There does not appear to be a minimum dose, nor an established radiotherapy dose relationship in order for RRD to occur [1]. Several authors have suggested radiation doses associated with RRD in the range of 1,000–8,100 cGy [18, 19]. The patient reported here received a tumor dose of 6,480 cGy, and because of the skin-sparing effects, the skin dose of the affected tissue was calculated to be lower—an effect that is related to linear accelerator energy. Typically, cases described in the literature report radiation dosing to the tumor, and not to the skin. Yeo et al. [4] observed that the recall reaction was highest where skin doses were in the range of 1,680–1,870 cGy. Drugs administered by the i.v. route usually produce RRD more rapidly than oral agents. The time to resolution of this dermatitis also differs by the route of administration, with the i.v. route resolving within weeks, while the oral route may last for several months [6]. The discrepancy may be a result of the different pharmacokinetics of the medications administered by different routes.

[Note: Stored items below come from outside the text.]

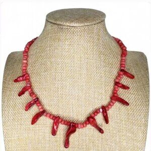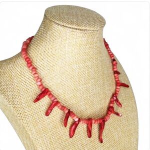 vintage jewelry, red coral necklace, branch coral, natural coral, choker necklace, winter fashion, holiday jewelry, boho jewelry, statement necklace, ocean inspired, festive tones, rare find, collector piece, eco vintage, handmade look, 90s style, coastal chic, cottagecore, artisanal jewelry, giftable, handcrafted necklace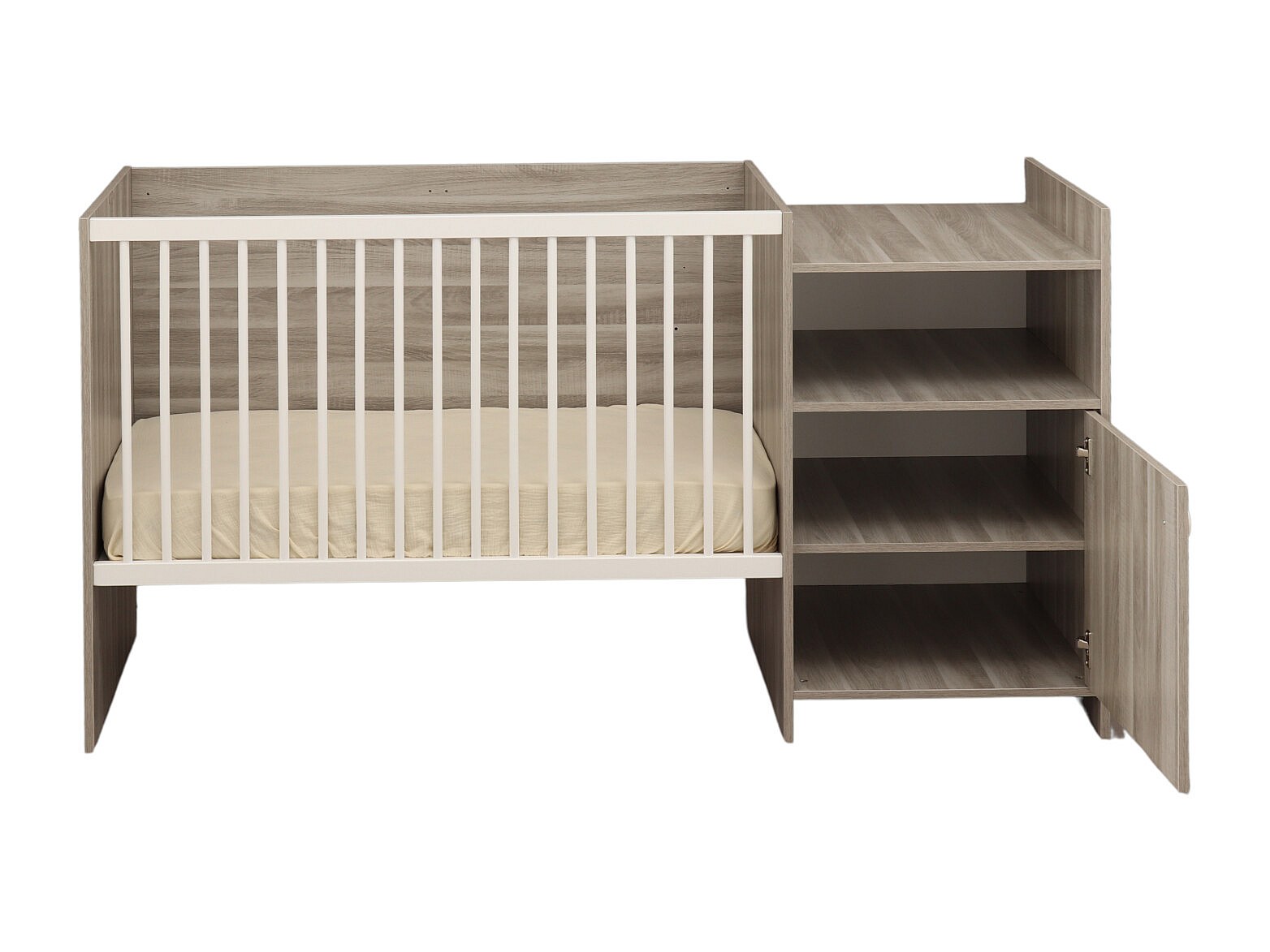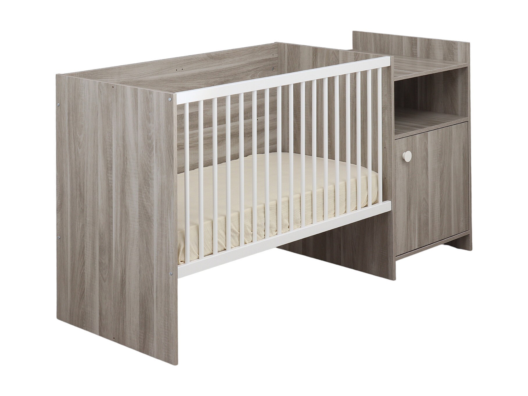 Lit bébé combiné 120x60 évolutif en 90x190 en décor bois avec commode à langer 1 porte UP - BabyPrice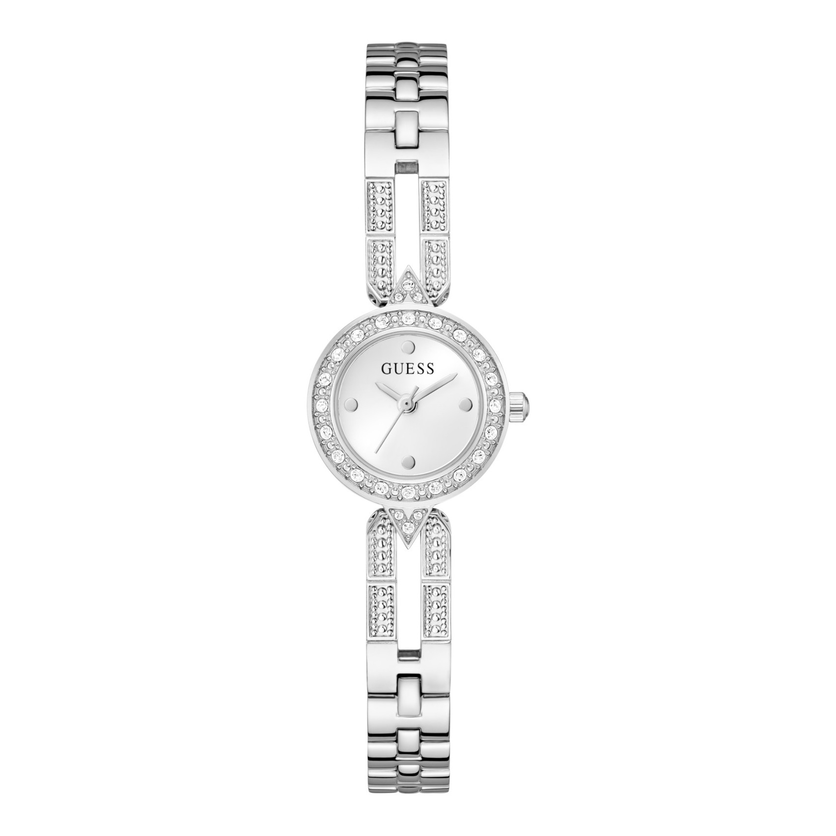 M ετά από τόσα χρόνια πρωτοπορίας, πλέον όλοι γνωρίζουν ότι η GUESS είναι ικανή να συνδυάσει άψογα την άνεση, το στυλ και τη γοητεία προσδίδοντας υψηλή αισθητική στα ρολόγια της.Δεν είναι τυχαίο, λοιπόν, που υποστηρίζουμε ότι στο κόσμο του ρολογιού, σε όλες τις γλώσσες, σε όλες τις χώρες, η λέξη κομψότητα σημαίνει GUESS!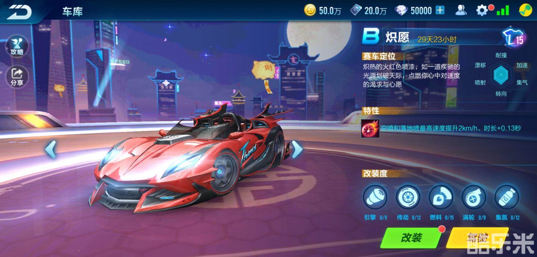 炽愿综合能力优秀,其转向和喷射能量尤为突出,搭配实用的特性,在各赛道的跳台路段中都有非常出色的发挥,而且还可以通过活动免费获得,是一辆值得入手的赛车!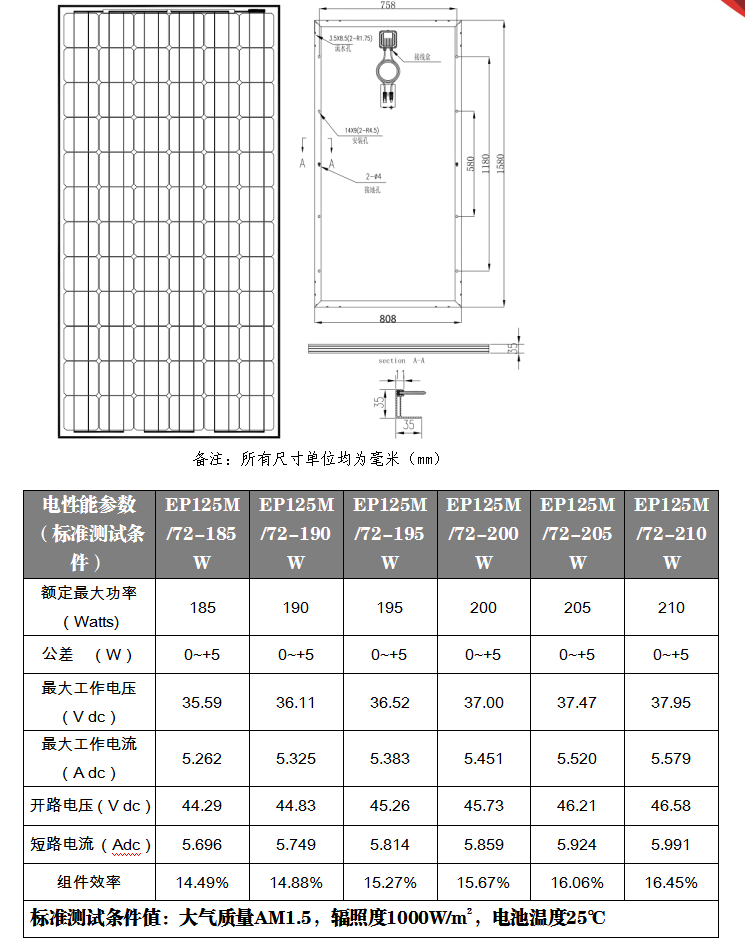 125單晶72片組件(185W-210W)工程圖紙(2BB)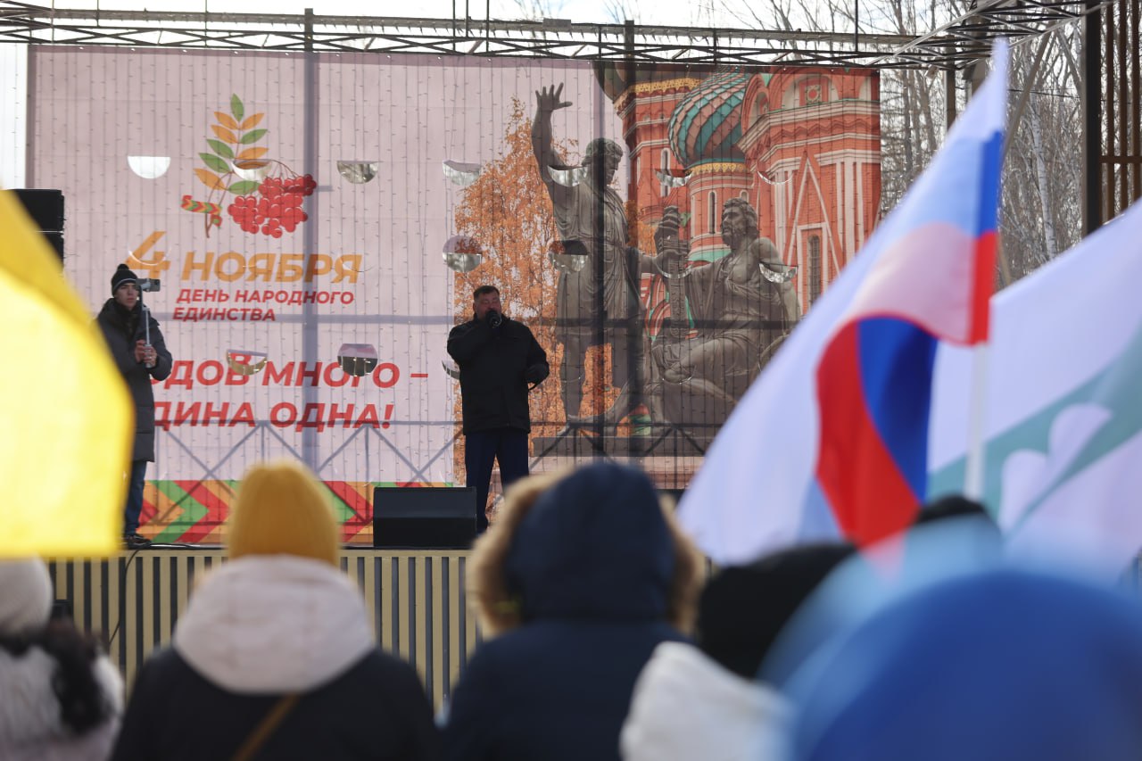Сегодня, 4 ноября, жители Курганской области вместе со всей страной празднуют День народного единства. Сотни горожан и гостей Кургана, несмотря на морозную погоду, собрались в Центральном парке культуры и отдыха, чтобы продемонстрировать гордость за свою страну и общее единение, выразить любовь к большой и малой Родине.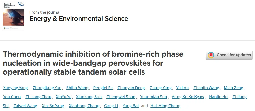 Energy & Environmental Science(EES)在线发表了中科院深圳先进院白杨&成会明院士&苏州大学杨新波&张晓宏&香港理工大学杨光团队题为“Thermodynamic inhibition of bromine-rich phase nucleation in wide-bandgap perovskites for operationally stable tandem solar cells”(热力学抑制宽带隙钙钛矿中富溴相成核以实现运行稳定的叠层太阳能电池)的最新研究成果。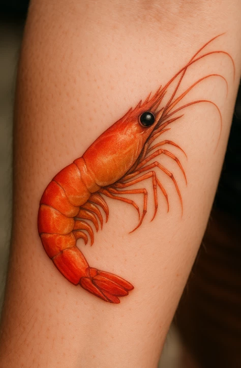 Shrimp, as a symbol, can represent adaptability, resilience, and resourcefulness. The realistic style of the tattoo suggests a reverence for nature and a desire to capture the beauty of the natural world.

Garza et al. [20] reported a case of photosensitive recall with the use of cefazolin, while Krishnan et al. [21] reported cases following the use of ciprofloxacin, tobramycin, and piperacillin. To the best of our knowledge, there has been no reported case of RRD in association with cefotetan in the literature. Chemotherapeutic agents are well described as causing RRD, but antibiotics are increasingly associated with this phenomenon. Because of the temporal relationship between the administration of the antibiotic and the onset of the skin reaction, together with the resolution following discontinuation, cefotetan was felt to be the responsible agent. The fact that the skin inflammation was localized to the radiation field would make other diagnoses unlikely.

The pathogenesis of this phenomenon is unclear. The fact that noncytotoxic drugs are associated with RRD led Camidgeetal. [22] to speculate that it may represent an idiosyncratic drug hypersensitivity reaction. It has also been suggested that the "trauma" of previous irradiation sensitizes an area of the skin into manifesting immune reactions with little or no overt systemic activation, in a way similar to the Koebner phenomenon [22].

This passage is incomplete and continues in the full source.